TRY IT | Print out all of the records exactly; no picture belongs in the result.

--------------------------------------------------

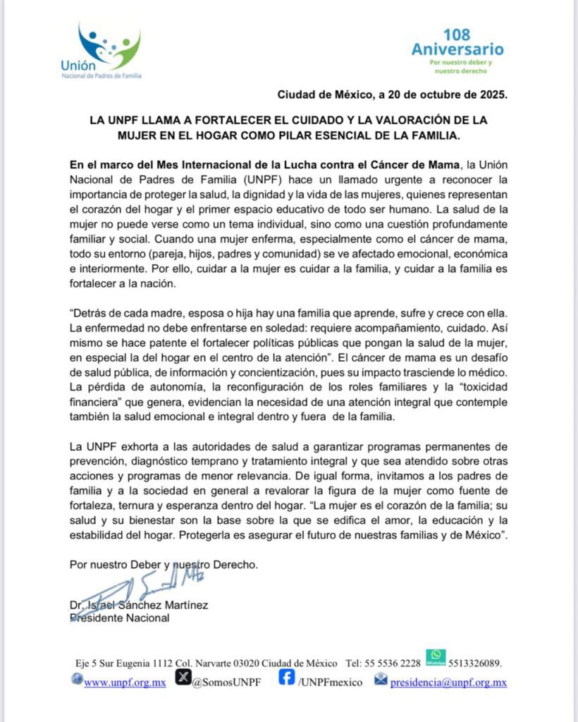 Ciudad de México.- En el marco del Mes Internacional de la Lucha contra el Cáncer de Mama, la Unión Nacional de Padres de Familia (UNPF) hizo un llamado urgente a reconocer que proteger la salud de las mujeres significa cuidar a la familia y fortalecer al país.
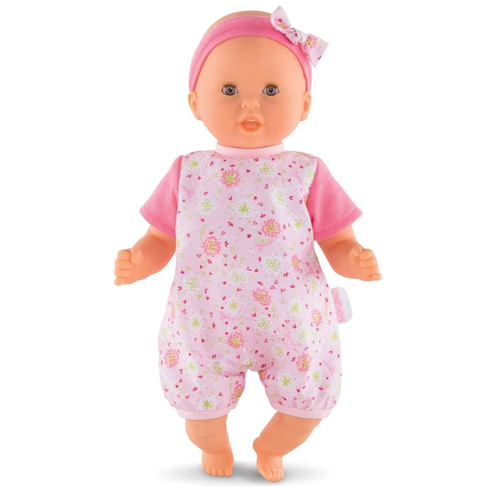 BĂ©bĂ© Calin Bisou & MĂ©lodies est le petit poupon interactif avec 7 fonctions simples. Il dit « mama », « papa », fait le bruit du bisou, rit et fredonne 3 mĂ©lodies. En appuyant sur son ventre, une fonction se dĂ©clenche, l’invitant tour Ă tour Ă rĂȘver, Ă danser et faire danser son petit poupon, ou tout simplement Ă Ă©couter et se sentir rĂ©confortĂ©. Il mesure 30 cm, la taille parfaitement adaptĂ©e aux petits bras et mains de l’enfant pour le manipuler. Son corps souple lui permet de prendre les mĂȘmes positions qu’un vrai bĂ©bĂ©. Son visage, ses bras et ses jambes, Ă la dĂ©licate senteur de vanille, sont en vinyle doux au toucher. Avec ses yeux dormeurs, il fait dodo quand on le couche sur le dos. Il est habillĂ© d’un ensemble tout-en-un et coiffĂ© d’un bandeau. Boitier amovible – Lavable Ă la main.
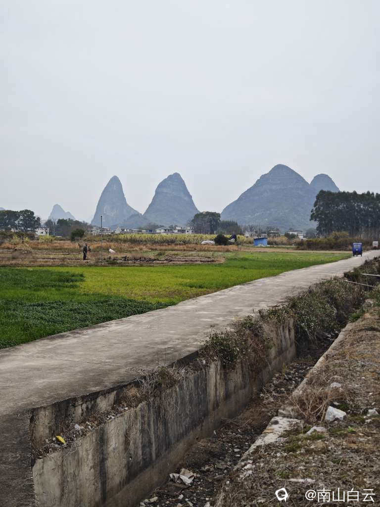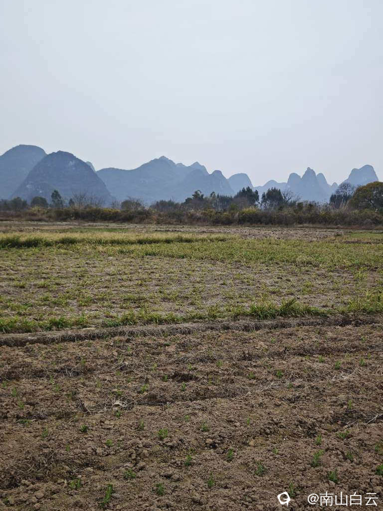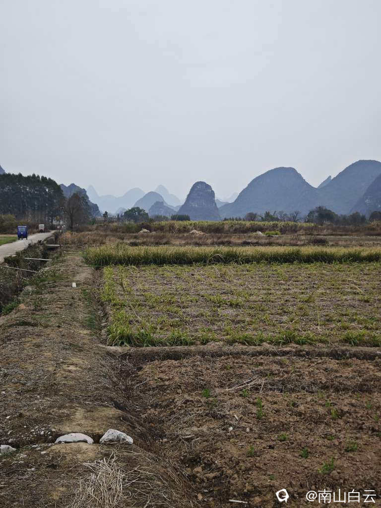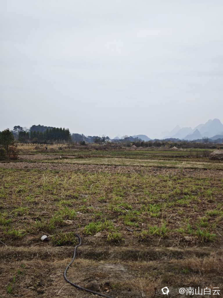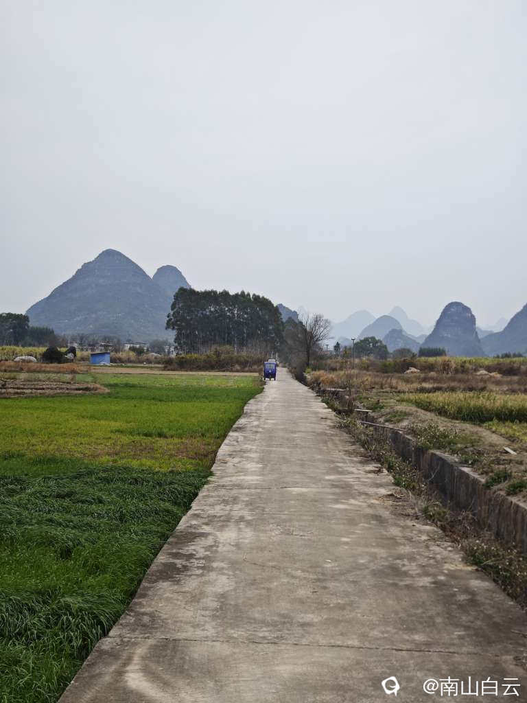 今天虽然缺少阳光,在领略田园风光时,也感到有些温暖。看到远方的群山,顿时心旷神怡。
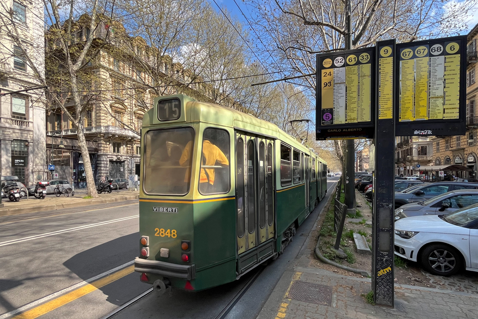 Tram 2848 als lijn 15 in het centrum van Turijn.
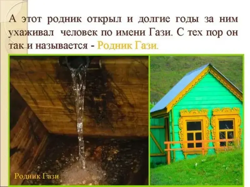 У нас очень красивые родники, cреди них как «Пэси кизләве", "Сәйфулла кизләве", "Ташлы елга", "Кыр кизләве"и другие.
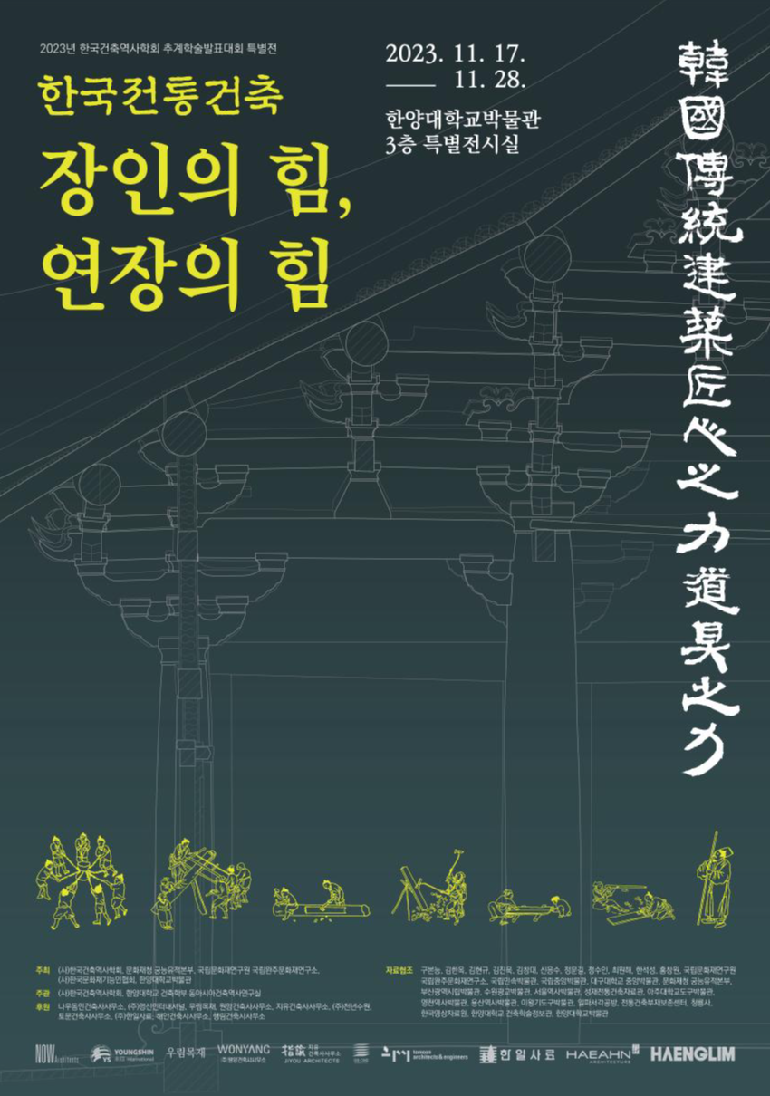 문화재청 국립문화재연구원 국립완주문화재연구소와 궁능유적본부는 오는 11월 17일부터 11월 28일까지 한양대학교 박물관(서울 성동구)에서 (사)한국건축역사학회·(사)한국문화재기능인협회·한양대학교 박물관과 함께 「한국전통건축 : 장인의 힘, 연장의 힘」 특별전을 공동으로 개최한다.
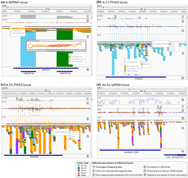为了实现对小RNA注释结果的高效人工检查,本研究基于基因组浏览器(IGV)开发了IGV-sRNA,并将其作为一个功能模块整合在sRNAminer里。IGV-sRNA可以呈现各种特异的小RNA特征,使研究人员能够更全面地理解小RNA数据。另外,用户配合sRNAminer的“sRNA Viewer”功能,即可快速跳转到对应的小RNA位点上,从而高效地查看小RNA位点。此外,sRNAminer支持高质量PHAS位点图批量自动绘制及RNA二级结构可视化。sRNAminer可以真正实现从分析数据到人工检查可视化结果再到高质量图表绘制的小RNA分析流程闭环。
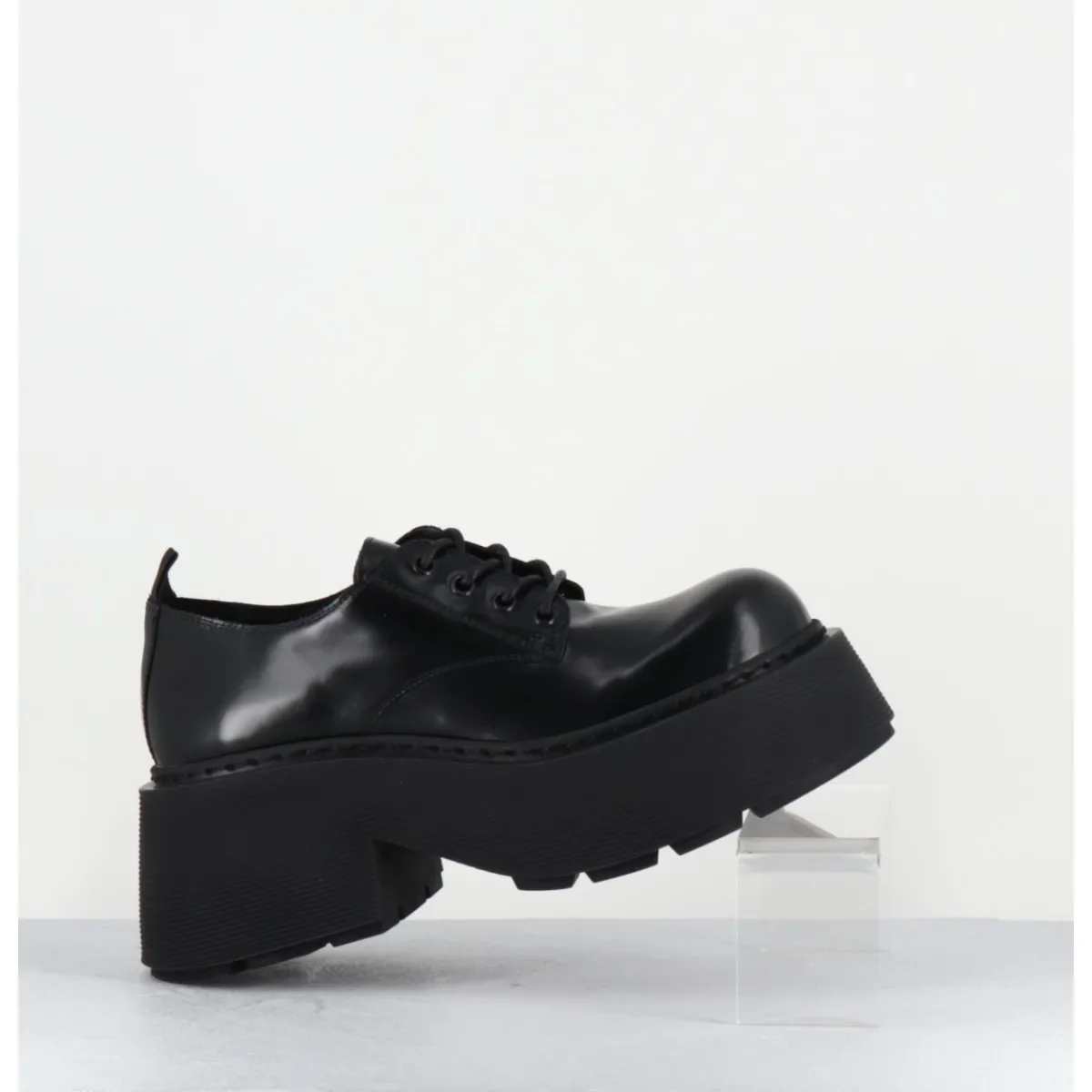 Derbies à lacets en cuir glacé noir légèrement fumé, forme ronde exagérée, montées sur une semelle épaisse bloc striée
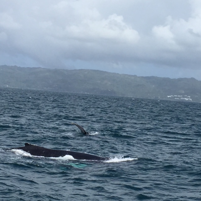 So we are on a short visit with Auntie B and Uncle F to a lovely beach house connected to my collaborative EcoRetreat group at Villa Serena in Las Galeras. It’s perfect for a family — or a group — to hang out in the expansive home near the hotel. There is a kitchen so we were able to bring our own groceries and cook, many bedrooms, right on the ocean…a yoga studio floating up some stairs..my Aunt and Uncle and I went on a boat whale watching today which is a lifetime experience. The humpback whales swim to Semana every year to have their babies here. We were overjoyed to meet up with a Mommy whale and her 6 wk old baby, along with two male escorts who were a bit in competition to be The One that gets to escort the Mommy around. The baby was incredibly playful, rolling around on top of her Mommy, flapping her tail, flipping up in the air. It was fabulous to witness. They are amazing creatures, and endangered.
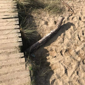 3.If you have your wellies on, enjoy a splash through the puddle, if not take the sandy path on the right and follow round to the left until you get back to the boardwalk. Count 5374 wooden slats (only joking) Follow the roller coaster boardwalk to the bottom of the hill until you find the log sticking out from the boardwalk. Here you will be very happy!
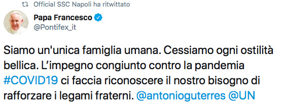 In un momento così delicato per il mondo intero per via dell'emergenza Coronavirus, Papa Francesco ha lanciato un bellissimo messaggio di unione dal proprio account Twitter "Siamo un'unica famiglia umana. Cessiamo ogni ostilità bellica. L’impegno congiunto contro la pandemia COVID19 ci faccia riconoscere il nostro bisogno di rafforzare i legami fraterni". Il Napoli ha ritwittato il messaggio. Di seguito la foto:
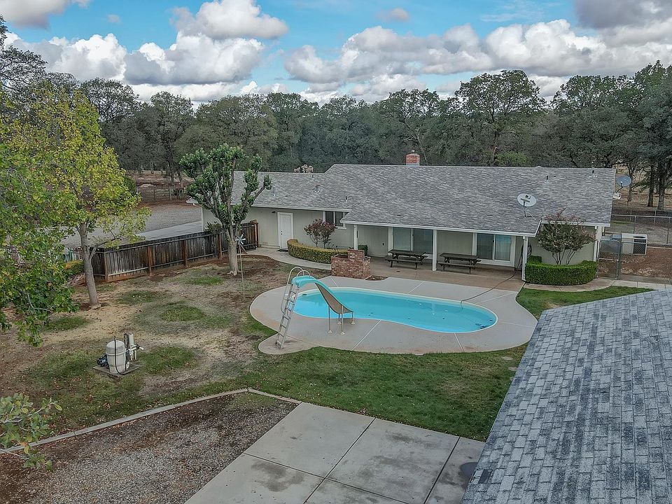 Need to sell a home to buy? No problem, Seller will look at contingent offers. This is it! 3-bedroom ranch style home, with garage, shop, inground pool, fenced for livestock and more! Secluded and quiet, this home is set back on 5 acres, with a 2-car attached garage, 3 car detached shop, carport for equipment or hay, in ground pool, fenced and cross fenced for horses. Property accommodates a 3-bedroom 2 bath home, with open concept from dining room to kitchen and cozy living room seating. Fully landscaped yard beautiful setting for BQQ's and family gatherings. New carpet just installed in the living room and brand-new septic just put in.

--------------------------------------------------

TASK RESPONSE |
 Ciudad de México.- En el marco del Mes Internacional de la Lucha contra el Cáncer de Mama, la Unión Nacional de Padres de Familia (UNPF) hizo un llamado urgente a reconocer que proteger la salud de las mujeres significa cuidar a la familia y fortalecer al país.
 BĂ©bĂ© Calin Bisou & MĂ©lodies est le petit poupon interactif avec 7 fonctions simples. Il dit « mama », « papa », fait le bruit du bisou, rit et fredonne 3 mĂ©lodies. En appuyant sur son ventre, une fonction se dĂ©clenche, l’invitant tour Ă tour Ă rĂȘver, Ă danser et faire danser son petit poupon, ou tout simplement Ă Ă©couter et se sentir rĂ©confortĂ©. Il mesure 30 cm, la taille parfaitement adaptĂ©e aux petits bras et mains de l’enfant pour le manipuler. Son corps souple lui permet de prendre les mĂȘmes positions qu’un vrai bĂ©bĂ©. Son visage, ses bras et ses jambes, Ă la dĂ©licate senteur de vanille, sont en vinyle doux au toucher. Avec ses yeux dormeurs, il fait dodo quand on le couche sur le dos. Il est habillĂ© d’un ensemble tout-en-un et coiffĂ© d’un bandeau. Boitier amovible – Lavable Ă la main.
 今天虽然缺少阳光,在领略田园风光时,也感到有些温暖。看到远方的群山,顿时心旷神怡。
 Tram 2848 als lijn 15 in het centrum van Turijn.
 У нас очень красивые родники, cреди них как «Пэси кизләве", "Сәйфулла кизләве", "Ташлы елга", "Кыр кизләве"и другие.
 문화재청 국립문화재연구원 국립완주문화재연구소와 궁능유적본부는 오는 11월 17일부터 11월 28일까지 한양대학교 박물관(서울 성동구)에서 (사)한국건축역사학회·(사)한국문화재기능인협회·한양대학교 박물관과 함께 「한국전통건축 : 장인의 힘, 연장의 힘」 특별전을 공동으로 개최한다.
为了实现对小RNA注释结果的高效人工检查,本研究基于基因组浏览器(IGV)开发了IGV-sRNA,并将其作为一个功能模块整合在sRNAminer里。IGV-sRNA可以呈现各种特异的小RNA特征,使研究人员能够更全面地理解小RNA数据。另外,用户配合sRNAminer的“sRNA Viewer”功能,即可快速跳转到对应的小RNA位点上,从而高效地查看小RNA位点。此外,sRNAminer支持高质量PHAS位点图批量自动绘制及RNA二级结构可视化。sRNAminer可以真正实现从分析数据到人工检查可视化结果再到高质量图表绘制的小RNA分析流程闭环。
 Derbies à lacets en cuir glacé noir légèrement fumé, forme ronde exagérée, montées sur une semelle épaisse bloc striée
 So we are on a short visit with Auntie B and Uncle F to a lovely beach house connected to my collaborative EcoRetreat group at Villa Serena in Las Galeras. It’s perfect for a family — or a group — to hang out in the expansive home near the hotel. There is a kitchen so we were able to bring our own groceries and cook, many bedrooms, right on the ocean…a yoga studio floating up some stairs..my Aunt and Uncle and I went on a boat whale watching today which is a lifetime experience. The humpback whales swim to Semana every year to have their babies here. We were overjoyed to meet up with a Mommy whale and her 6 wk old baby, along with two male escorts who were a bit in competition to be The One that gets to escort the Mommy around. The baby was incredibly playful, rolling around on top of her Mommy, flapping her tail, flipping up in the air. It was fabulous to witness. They are amazing creatures, and endangered.
 3.If you have your wellies on, enjoy a splash through the puddle, if not take the sandy path on the right and follow round to the left until you get back to the boardwalk. Count 5374 wooden slats (only joking) Follow the roller coaster boardwalk to the bottom of the hill until you find the log sticking out from the boardwalk. Here you will be very happy!
 In un momento così delicato per il mondo intero per via dell'emergenza Coronavirus, Papa Francesco ha lanciato un bellissimo messaggio di unione dal proprio account Twitter "Siamo un'unica famiglia umana. Cessiamo ogni ostilità bellica. L’impegno congiunto contro la pandemia COVID19 ci faccia riconoscere il nostro bisogno di rafforzare i legami fraterni". Il Napoli ha ritwittato il messaggio. Di seguito la foto:
 Need to sell a home to buy? No problem, Seller will look at contingent offers. This is it! 3-bedroom ranch style home, with garage, shop, inground pool, fenced for livestock and more! Secluded and quiet, this home is set back on 5 acres, with a 2-car attached garage, 3 car detached shop, carport for equipment or hay, in ground pool, fenced and cross fenced for horses. Property accommodates a 3-bedroom 2 bath home, with open concept from dining room to kitchen and cozy living room seating. Fully landscaped yard beautiful setting for BQQ's and family gatherings. New carpet just installed in the living room and brand-new septic just put in.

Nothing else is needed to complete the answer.